How Is Primary Hepatic Lymphoma Treated?
The foundation of the treatment strategy relies on case reports or short case series because the condition is extremely rare. Options for treatment include radiation, chemotherapy, surgery, and combinations of the aforementioned treatments.
Tumor sizes larger than 2.76 inches, blood lactate dehydrogenase levels higher than ten percent of normal, elevated beta-2 microglobulin levels greater than 3 mg/dl, and the existence of constitutional symptoms are some risk factors that influence prognosis and responsiveness to treatment.
Combination chemotherapy with Doxorubicin, Vincristine, Cyclophosphamide, and Prednisone is effective in individuals without any risk factors. Employing a modified triple combination needs to be considered for patients who have one or more risk factors. Methotrexate, Bleomycin, Cyclophosphamide, Doxorubicin, Vincristine, and Methylprednisolone alternate with Doxorubicin, Methylprednisolone, Cytosine arabinoside, and Cisplatin in alternative regimens.
What Is the Prognosis of Primary Hepatic Lymphoma?
Combination chemotherapy is effective in treating primary hepatic lymphoma, with over 80 % of patients experiencing a full recovery. The outlook following the surgery generally varies. This is because of the vascular nature of the primary hepatic lymphoma. It increases the chance of bleeding during surgery, which increases the rate of morbidity and death.
Conclusion:
Primary hepatic lymphoma is a rare form of non-Hodgkin’s lymphoma.
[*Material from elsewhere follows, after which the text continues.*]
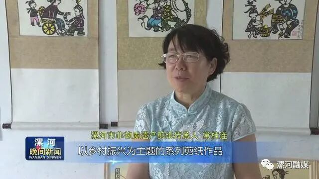 常桂连,今年57岁,是漯河市非物质遗产剪纸传承人。自幼受母亲影响热爱剪纸,后经自己的摸索和创新,创作出了不少弘扬主旋律、反映人民群众幸福生活的剪纸作品。常桂连的老家在漯河市召陵区老窝镇,这些年,她切切实实看到了家乡发生的变化,这激发了她的创作灵感,于是她就用自己的方式,创作出了以乡村振兴、脱贫攻坚为主题的剪纸作品.“产业兴旺”、“生态宜居”、“乡风文明”、“治理有效”、“生活富裕”这就是她眼中的家乡,也是无数个脱贫致富,中国农村的新模样。

The specific diagnosis of the condition is quite difficult because of its resemblance with other liver conditions. The treatment methods include chemotherapy, radiation, surgery, and a combination of the above. If individuals experience any symptoms related to the condition, consult a physician to make a definitive diagnosis and determine a proper treatment plan on time.